Return the listing exactly, please; no pictures.

Task input:
⟨
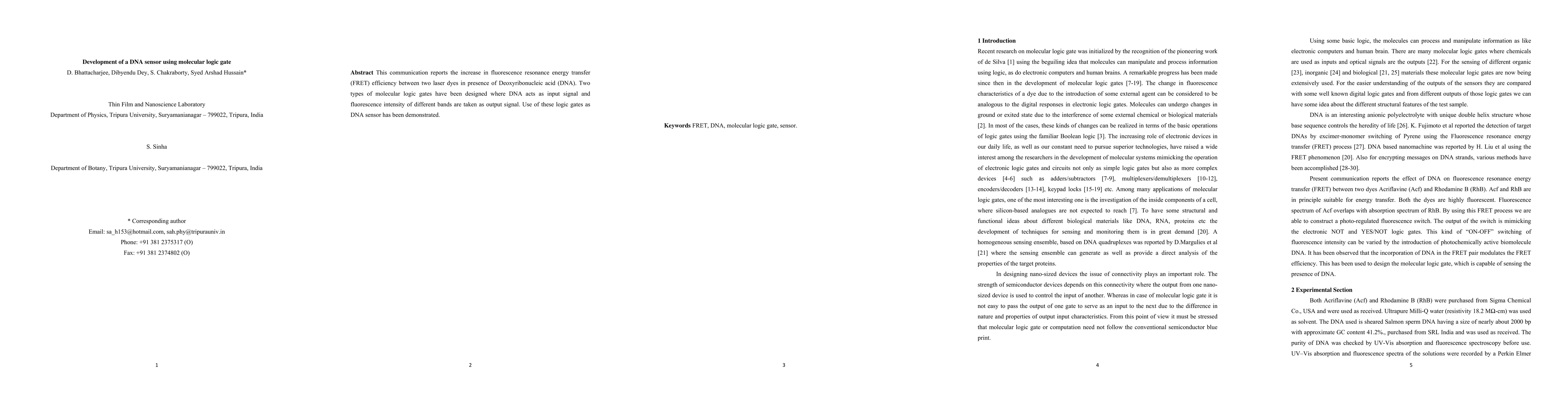The paper presents a DNA sensor utilizing molecular logic gates with increased fluorescence resonance energy transfer (FRET) efficiency between laser dyes, where DNA acts as input and fluorescence intensity serves as output. The effectiveness of these logic gates in detecting DNA is demonstrated.
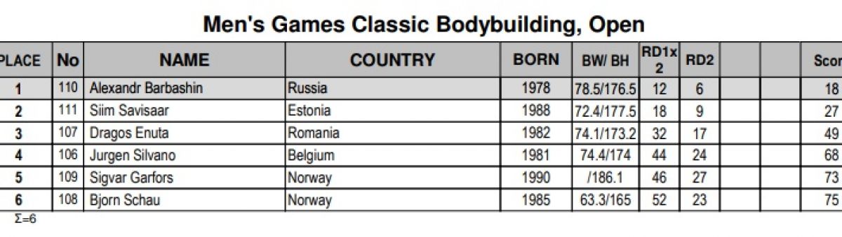Соревнования состоялись 3 мая в Санта-Сусанне (Испания). Самый титулованный бодибилдер Алтайского края Александр Барбашин - победитель турнира «Арнольд Классик Европа», многократный призёр чемпионатов мира - на этот раз выступал в новой категории Games Classic bodybuilding. Его соперниками были спортсмены из Норвегии, Бельгии, Румынии и Эстонии. Всего в категорию заявилось шесть участников.
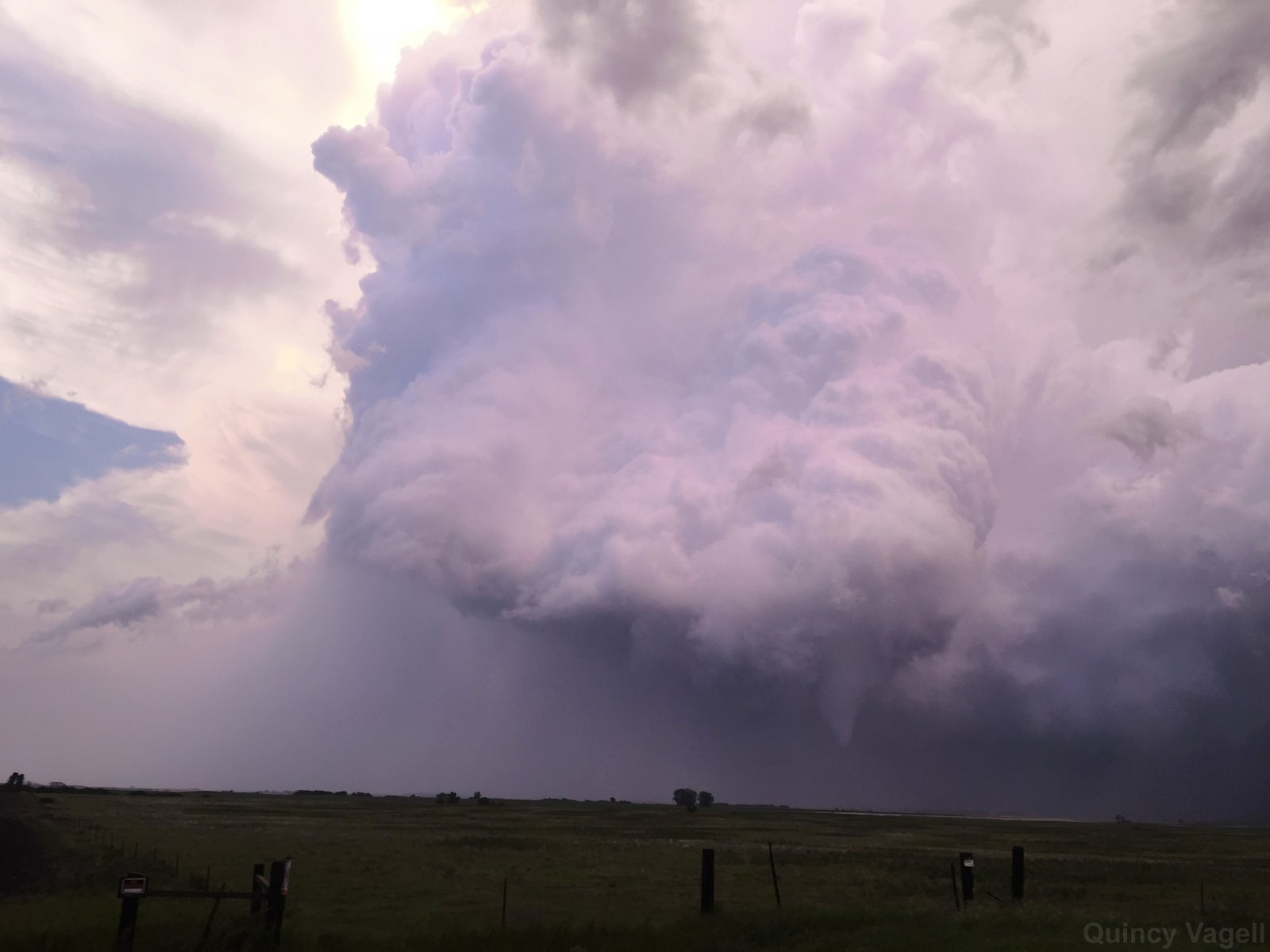A tornado-producing thunderstorm takes on a purple tint as the sun begins to set near Warwick, North Dakota. August 3rd, 2016.
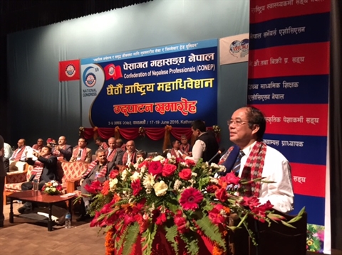 | Nguyên Van Ngàng, vice-président de la CGTV, prend la parole lors du 16e congrès de la Confédération des professionnels népalais (CONEP), tenue du 17 au 19 juin au Népal. |
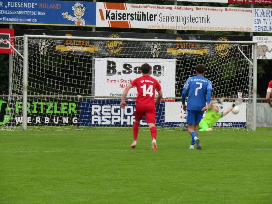 Oberliga: Türk.SV Singen - FCD 1 2:2 (1:0) Beim Mitaufsteiger vom Hohentwiehl geriet der FCD bereits in der 12. Min. durch ein Tor von Ege Öztürk mit 1:0 in Rückstand. Dabei blieb es bis zum Seitenwechsel. Als in der 52. Min. Dominik Emminger wegen zweimaligen Foulspiels mit Gelb/Rot vom Platz musste und Nicolas Garcia Stein ca. 20 Min. später einen Strafstoß zum 1:1 Ausgleich verwandelte, schien sich das Blatt zu Gunsten der Gäste zu wenden. Umso bitterer die erneute Führung der Platzherren in der 81. Minute. In der dritten Minute der achtminütigen Nachspielzeit konnten sich die Gäste dann doch noch für ihren Einsatz belohnen, denn Sebastian Weizel gelang der gefeierte 2:2 Ausgleich. So wanderte wenigstens ein Punkt Richtung Breisgau. Die Gastgeber blieben dadurch in der Tabelle weiterhin hinter dem FCD. (ds) Bezirksliga: FCD 2 - TV Köndringen 1 0:3 (0:3) Die Bezirksligaelf des FCD hatte zum Saisonauftakt ihren Angstgegner TV Köndrigen im Einbollenstadion zu Gast. Besonders in der ersten Hälfte ging bei der Heimelf nicht viel zusammen, während der TVK immer wieder gefährlich im Denzlinger Strafraum auftauchte. Nach mehreren Eckbällen für die Gäste, der erste gefährliche Torschuss der Heimelf in der 13. Minute. Kurz darauf jedoch die Führung für Köndringen durch Marco Eble. Nur zwei Minuten später erhöhte Semjon Kern auf 0:2, ehe Eble zum zweiten Male traf und für den 0:3 Halbzeitstand sorgte. In der zweiten Hälfte kamen die erstgeschwächten Platzherren wesentlich besser zur Geltung und wenigstens eine Ergebniskorrektur lag in der Luft. Die beste Gelegenheit dazu hatte Tim Lettgen, der mit einem Strafstoß jedoch am Gästekeeper Lewandowski scheiterte (Siehe Bild). Auch danach hatten die Hausherren noch Möglichkeiten wenigstens zum Ehrentreffer. Auf der Gegenseite verhinderte FCD-Schlussmann Mehmet Demirdögen mehrmals das 0:4. So blieb es bis zum Schluss beim 0:3. (ds) Kreisliga B7: FCD 3 - TV Köndringen 2 2:4 (2:3) Auch die 3. Mannschaft verlor ihr Auftaktspiel gegen die Köndringer Reserve mit 2:4 (2:3) und gab dabei eine 2:0 Führung aus der Hand. Die Tore für die Heimelf beruhten auf einem Eigentor der Gäste in der 4. Min. und einem Treffer von Luca Schäffauer in der 16. Minute zum 2:0. (ds) | ||||||||||||||||||||||||||||||||||||||||||||||||||||||||||||||||||||||||||||||||||||||||||||||||||||||
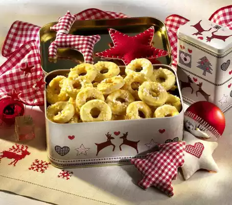 Sprinkle rings with sugar crystals. Place on 2 baking trays lined with baking paper. Bake the trays one after the other in a preheated oven (electric cooker: 175 °C/ convection oven: 150 °C/ gas: level 2) for about 15 minutes.
⟩
Written response:
The paper presents a DNA sensor utilizing molecular logic gates with increased fluorescence resonance energy transfer (FRET) efficiency between laser dyes, where DNA acts as input and fluorescence intensity serves as output. The effectiveness of these logic gates in detecting DNA is demonstrated.
Соревнования состоялись 3 мая в Санта-Сусанне (Испания). Самый титулованный бодибилдер Алтайского края Александр Барбашин - победитель турнира «Арнольд Классик Европа», многократный призёр чемпионатов мира - на этот раз выступал в новой категории Games Classic bodybuilding. Его соперниками были спортсмены из Норвегии, Бельгии, Румынии и Эстонии. Всего в категорию заявилось шесть участников.
A tornado-producing thunderstorm takes on a purple tint as the sun begins to set near Warwick, North Dakota. August 3rd, 2016.
 | Nguyên Van Ngàng, vice-président de la CGTV, prend la parole lors du 16e congrès de la Confédération des professionnels népalais (CONEP), tenue du 17 au 19 juin au Népal. |
 Oberliga: Türk.SV Singen - FCD 1 2:2 (1:0) Beim Mitaufsteiger vom Hohentwiehl geriet der FCD bereits in der 12. Min. durch ein Tor von Ege Öztürk mit 1:0 in Rückstand. Dabei blieb es bis zum Seitenwechsel. Als in der 52. Min. Dominik Emminger wegen zweimaligen Foulspiels mit Gelb/Rot vom Platz musste und Nicolas Garcia Stein ca. 20 Min. später einen Strafstoß zum 1:1 Ausgleich verwandelte, schien sich das Blatt zu Gunsten der Gäste zu wenden. Umso bitterer die erneute Führung der Platzherren in der 81. Minute. In der dritten Minute der achtminütigen Nachspielzeit konnten sich die Gäste dann doch noch für ihren Einsatz belohnen, denn Sebastian Weizel gelang der gefeierte 2:2 Ausgleich. So wanderte wenigstens ein Punkt Richtung Breisgau. Die Gastgeber blieben dadurch in der Tabelle weiterhin hinter dem FCD. (ds) Bezirksliga: FCD 2 - TV Köndringen 1 0:3 (0:3) Die Bezirksligaelf des FCD hatte zum Saisonauftakt ihren Angstgegner TV Köndrigen im Einbollenstadion zu Gast. Besonders in der ersten Hälfte ging bei der Heimelf nicht viel zusammen, während der TVK immer wieder gefährlich im Denzlinger Strafraum auftauchte. Nach mehreren Eckbällen für die Gäste, der erste gefährliche Torschuss der Heimelf in der 13. Minute. Kurz darauf jedoch die Führung für Köndringen durch Marco Eble. Nur zwei Minuten später erhöhte Semjon Kern auf 0:2, ehe Eble zum zweiten Male traf und für den 0:3 Halbzeitstand sorgte. In der zweiten Hälfte kamen die erstgeschwächten Platzherren wesentlich besser zur Geltung und wenigstens eine Ergebniskorrektur lag in der Luft. Die beste Gelegenheit dazu hatte Tim Lettgen, der mit einem Strafstoß jedoch am Gästekeeper Lewandowski scheiterte (Siehe Bild). Auch danach hatten die Hausherren noch Möglichkeiten wenigstens zum Ehrentreffer. Auf der Gegenseite verhinderte FCD-Schlussmann Mehmet Demirdögen mehrmals das 0:4. So blieb es bis zum Schluss beim 0:3. (ds) Kreisliga B7: FCD 3 - TV Köndringen 2 2:4 (2:3) Auch die 3. Mannschaft verlor ihr Auftaktspiel gegen die Köndringer Reserve mit 2:4 (2:3) und gab dabei eine 2:0 Führung aus der Hand. Die Tore für die Heimelf beruhten auf einem Eigentor der Gäste in der 4. Min. und einem Treffer von Luca Schäffauer in der 16. Minute zum 2:0. (ds) | ||||||||||||||||||||||||||||||||||||||||||||||||||||||||||||||||||||||||||||||||||||||||||||||||||||||
 Sprinkle rings with sugar crystals. Place on 2 baking trays lined with baking paper. Bake the trays one after the other in a preheated oven (electric cooker: 175 °C/ convection oven: 150 °C/ gas: level 2) for about 15 minutes.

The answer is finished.